Hans Favereys 'beeldschone' erfenis
Poetry gaf de doorslag, erkent Lela Zeckovic. Want Poetry wilde zo graag die bundel met nagelaten gedichten van haar man, Hans Faverey....
Toch, 'het is wel goed dat Poetry een beetje druk heeft uitgeoefend. Nu is een goed moment'. Volgende maand tien jaar geleden overleed Hans Faverey. Vanavond wordt in Rotterdam Springvossen (De Bezige Bij) gepresenteerd, een bundel met niet eerder gepubliceerd werk, waaronder ook een paar facsimile's.
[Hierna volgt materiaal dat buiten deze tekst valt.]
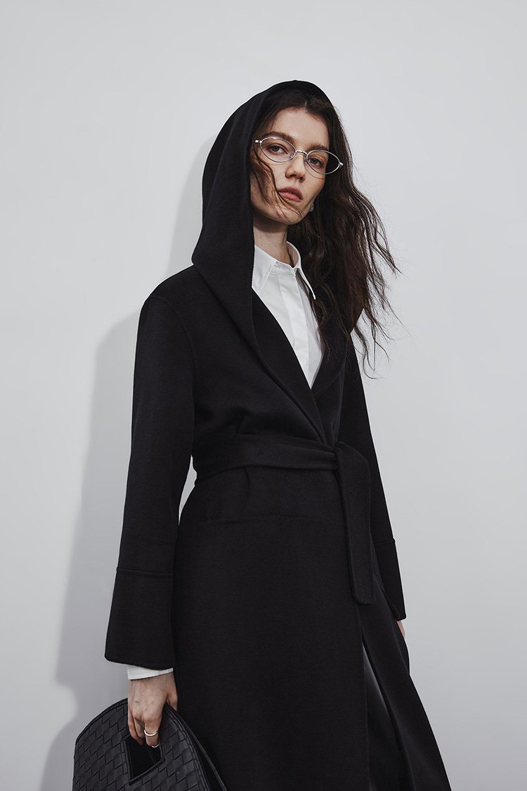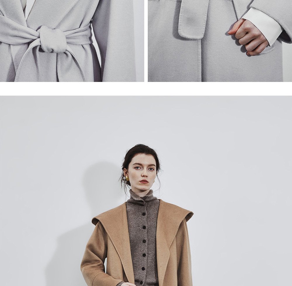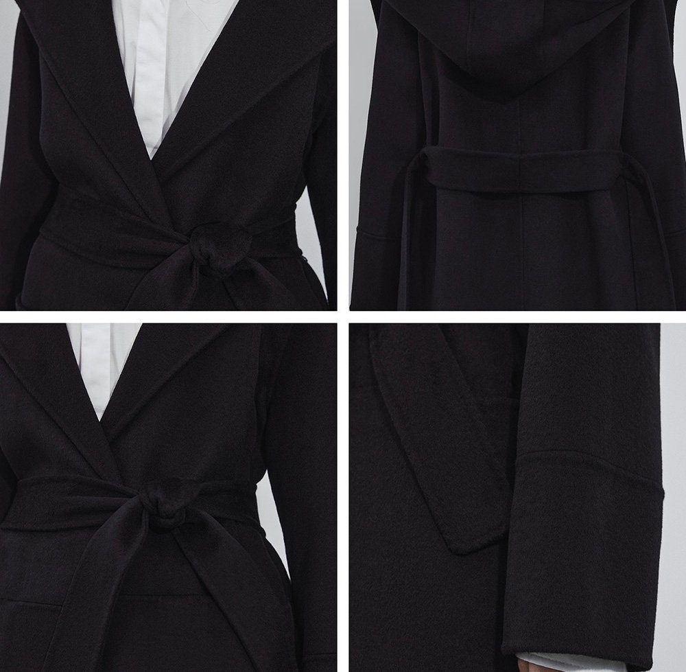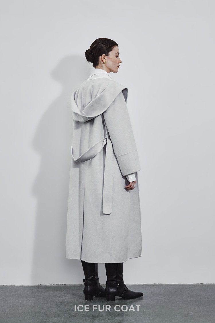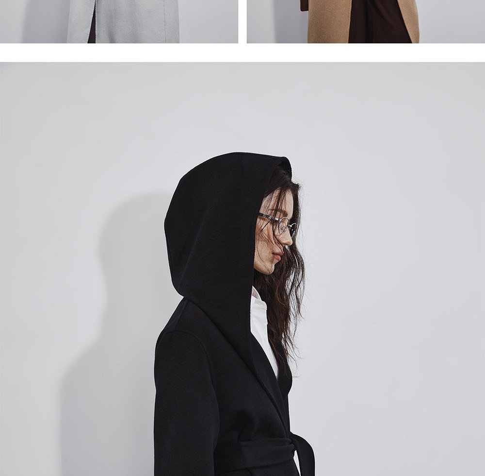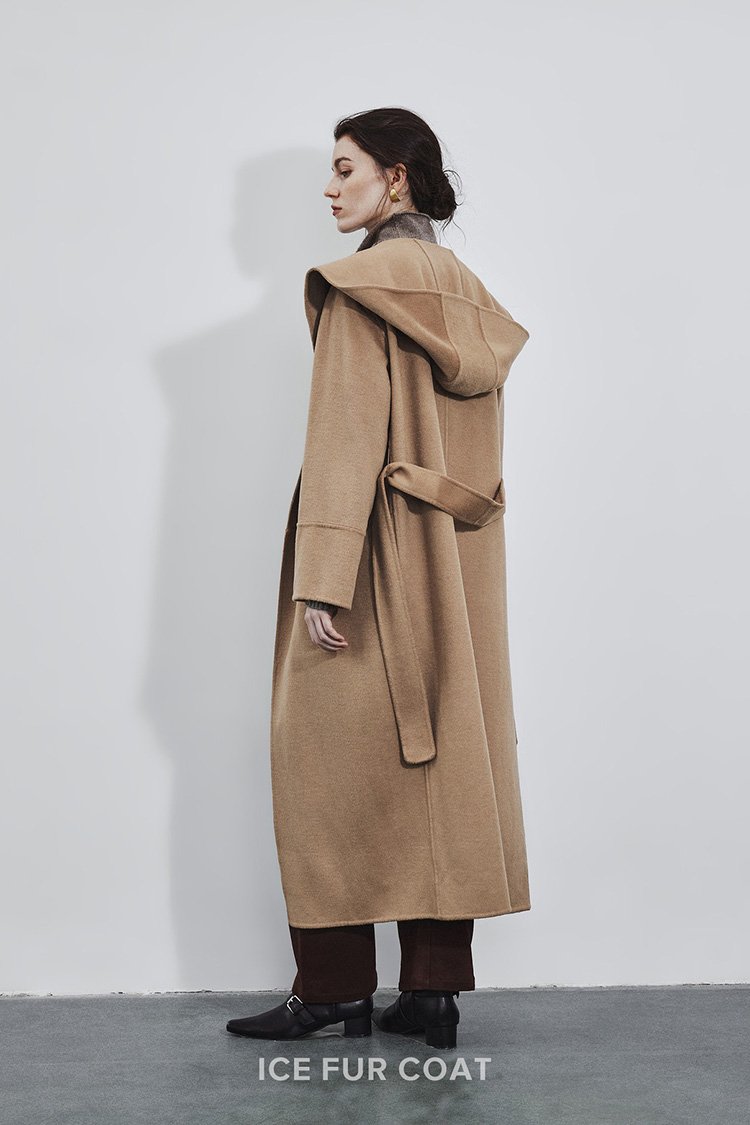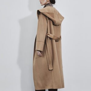 100% Wool 2025 Fall New Double-Face Hooded Belted Extra-Long Coat for Women – Premium Look
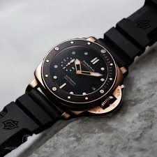 サブマーシブル ゴールドテックは、パネライの中でも明確に“ラグジュアリースポーツ”に位置づけられるモデルです。最大の特徴は、独自素材であるゴールドテックケースにあります。一般的なピンクゴールドよりも硬度を高め、傷が付きにくい配合が採用されており、重量感と実用性を両立しています。サブマーシブルらしい大型ケースと逆回転防止ベゼル、視認性の高いダイヤルは健在で、素材が変わっても本質はプロフェッショナルダイバーズです。金無垢でありながら、あくまで“使う時計”として設計されている点が、このモデルの個性と言えます。
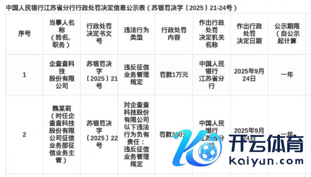 10 月 9 日,中国东谈主民银行江苏省分行以"违背征信业务不息律例"为由,对企查查处以 1 万元罚金,联系业务负责东谈主亦被处以 300 元个东谈主罚金。这笔鲜艳深嗜大于经济深嗜的罚单,突显企查查在合规搞定方面的轨制软肋与危险。
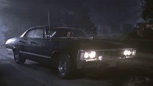 The Impala carries her boys away, glistening in the moonlight, rock music playing.
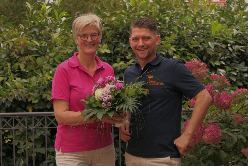Gabriel Stolze, Assistent der Geschäftsleitung, verabschiedet Annica Rönnspieß in die Rente.
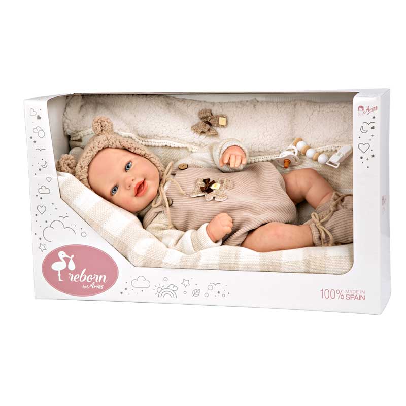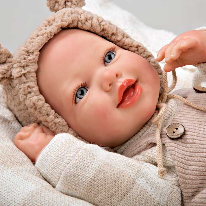 Ruben este atât de drăguț cu acel zâmbet larg! Este o păpușă bebeluș realistă, parte din seria Reborn a brandului spaniol Arias , o companie cu peste 40 de ani de experiență în crearea de păpuși realiste.
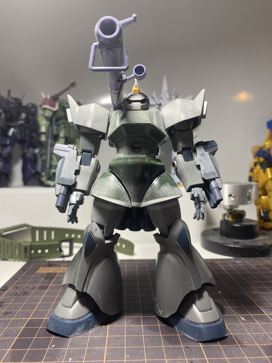:おはよう…やっと完成をさせたぞ。#ゲルググキャノン を。部分塗り、スミ入れ、水転写D、モノアイ、つや消しだ。私はこの機体に乗りたいのでアンテナ付きにした。来年もジーク、ジオン!(下に続く) #ガンプラ #ガンプラの画像を貼るとRTされると聞いて #今年最後のプラモ見せてやる
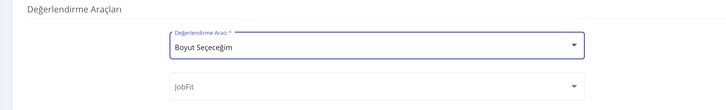 Belirli bir değerlendirme aracı seçildiğinde ise boyutlar seçili olarak gelir. Aşamalar adımında seçilmemiş ancak eklemek istediğiniz değerlendirmeler var ise ekleyebilir ve sıralayabilirsiniz. Dilerseniz sürece test ekleyebilirsiniz.
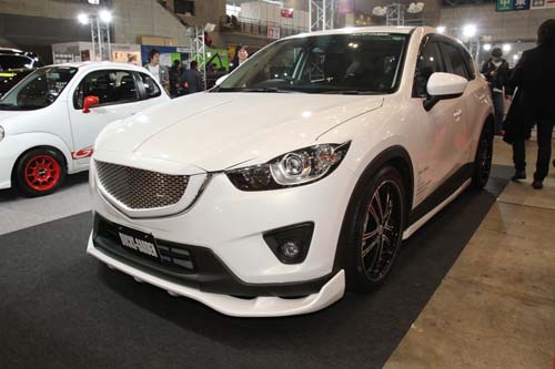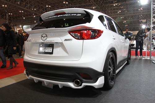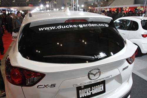 這次前往採訪時筆者發現日本當地的熱門改裝車,除了一些國內車迷熟悉的車種外,還有一部台灣有賣卻沒什麼在改的車,那就是Mazda CX-5,會這樣筆者並不意外,因為這部車在台灣賣得並不便宜,要價130萬元,而且搭載的2.0L Skyactiv-G直列4缸引擎,所具備的重要怠速熄火功能還被閹割掉,因此賣不好是可預期的,也因為如此更不容易在台灣看到改裝實車,不過筆者還是決定花些版面,介紹這部車的改裝玩法,讓大家見識一下這部車多樣的風貌。首先看到的是這部ducks-garden所改裝的CX-5,Tuner為其改裝的水箱護罩、前下巴、左右側裙、雙層尾翼與後下擾流器等,讓原本家庭化走向的CX-5,變得衝勁十足。
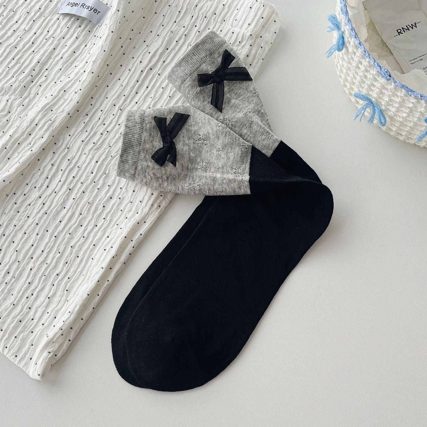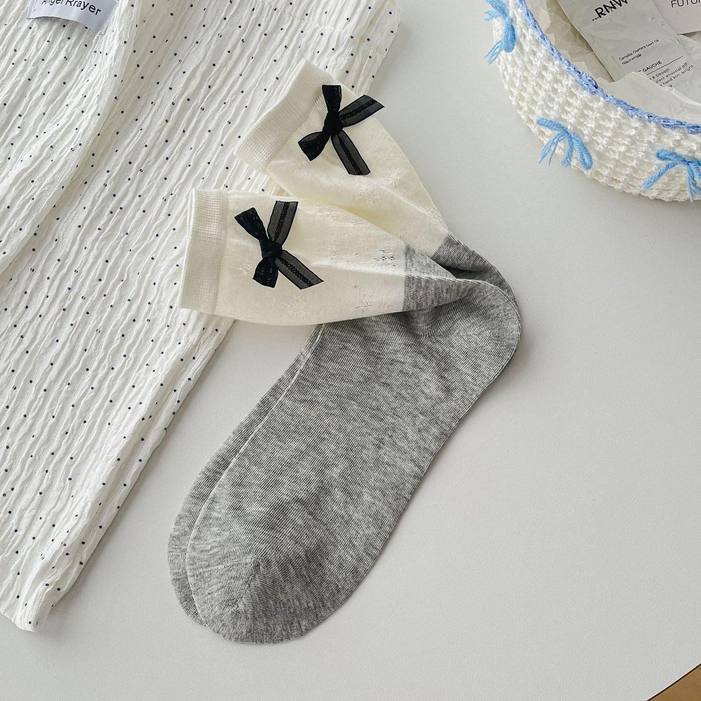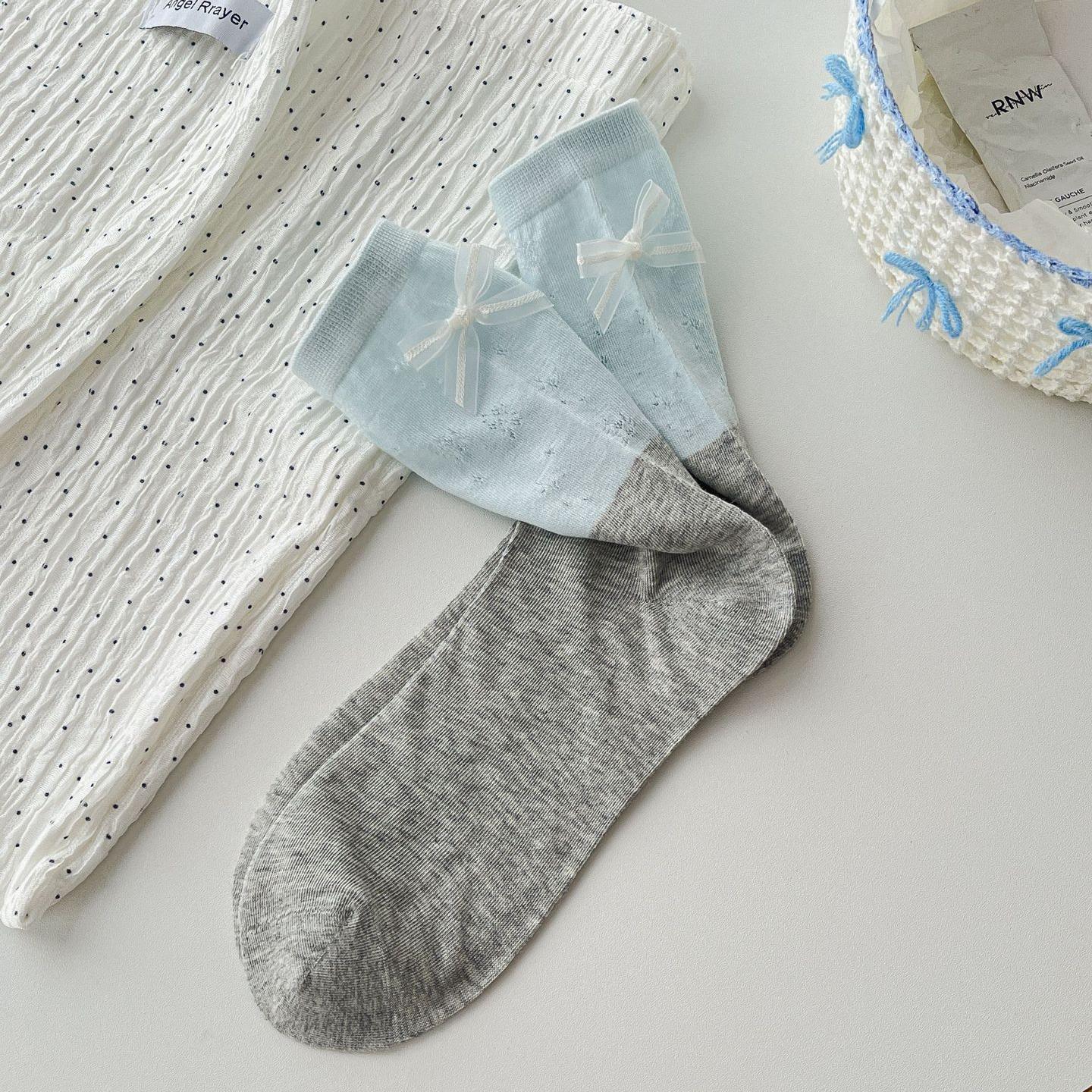 달콤한 속이 빈 디자인의 소녀스러운 핑크~ 한국 스타일의 핑크와 그레이의 대비되는 컬러 리본 양말, 여성용 봄 여름 얇은 코마면 소재
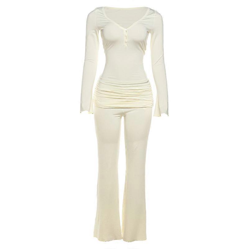Women's Autumn Solid Color Slim Fit V-Neck Button-Up Long Sleeve T-Shirt and High Waist Flared Trousers Suit

Springvossen bevat voor het merendeel voltooide gedichten, maar er is ook een typoscript afgedrukt met verschillende versies van één gedicht, en de bundel begint met een aantal gedichten die, schrijft Zeckovic in haar verantwoording 'misschien atypisch aandoen; ze kunnen gelezen worden als stijloefeningen.'
Faverey (1933-1990) debuteerde in 1968 met Gedichten, een bundel die als vrijwel onbegrijpelijk werd beschouwd. Later ontstond meer begrip voor zijn werk, en kort voor zijn dood werd hem de Constantijn Huygensprijs voor zijn gehele oeuvre toegekend. Faverey probeerde de 'roekeloze, meedogenloze schoonheid' van het bestaan te fixeren.
Samen met hoogleraar Nederlandse letterkunde Marita Mathijsen heeft Lela Zeckovic de nalatenschap van Faverey gecatalogiseerd. 'Een enorm werk', verzucht ze. Maar ze vond 'beeldschone gedichten', waarvan er, na de bundel die ze nu heeft samengesteld en die een coherent geheel moest worden, nog een stuk of twintig, vijfentwintig over zijn. 'En dan is het echt op.'
'Die andere gedichten doen we nog een keer, over drie of vier jaar. Alleen denk ik niet dat ík de volgende bundel zal samenstellen. Want ach, waarom ik. En er zijn liefhebbers die zich ermee willen belasten. Maar ik wil wel een oogje in het zeil houden.' Wellicht verschijnt in de toekomst ook een wetenschappelijke uitgave van Favereys werk, met alle varianten die van zijn gedichten bestaan.
Hans Faverey wilde als jongen componist worden - in Springvossen zijn twee partituren afgedrukt die hij als 15-jarige noteerde - maar hij werd dichter. In een van de weinige interviews die hij heeft gegeven, spreekt Faverey over zijn jaloezie op componisten, die niet vastzitten aan verwijzingen. 'Van woorden verwacht men begrijpelijkheid. Je mag het niet alleen met ritme en klank doen.'
Dichter of componist, dat zijn geen beroepen die je kunt leren, als zodanig word je geboren, zegt Favereys jongere broer Robby, zelf gitarist/luitist. Robby Faverey speelt vanavond als hommage aan zijn broer op de theorbe, de basluit. 'Muziek was heel belangrijk in zijn leven. De muziek die ik speel, Franse luitmuziek, is contemplatief, het is bijna een soort spreken.'
'De gedichten van Hans zijn een spel van taal, zo zag hij dat ook. Een woord kan iets muzikaals oproepen. Niet voor niets zoeken musici heel lang naar een naam voor een groep. Maar aan woorden hecht je betekenis. Als ik een akkoord speel, geeft wat eraan vooraf gaat, en wat erna komt er betekenis aan. Woorden hebben altijd betekenis in zichzelf.'
Nagelaten gedichten van Hans Faverey, vanavond 20.00 uur, Kleine zaal Rotterdamse schouwburg. www.poetry.nl.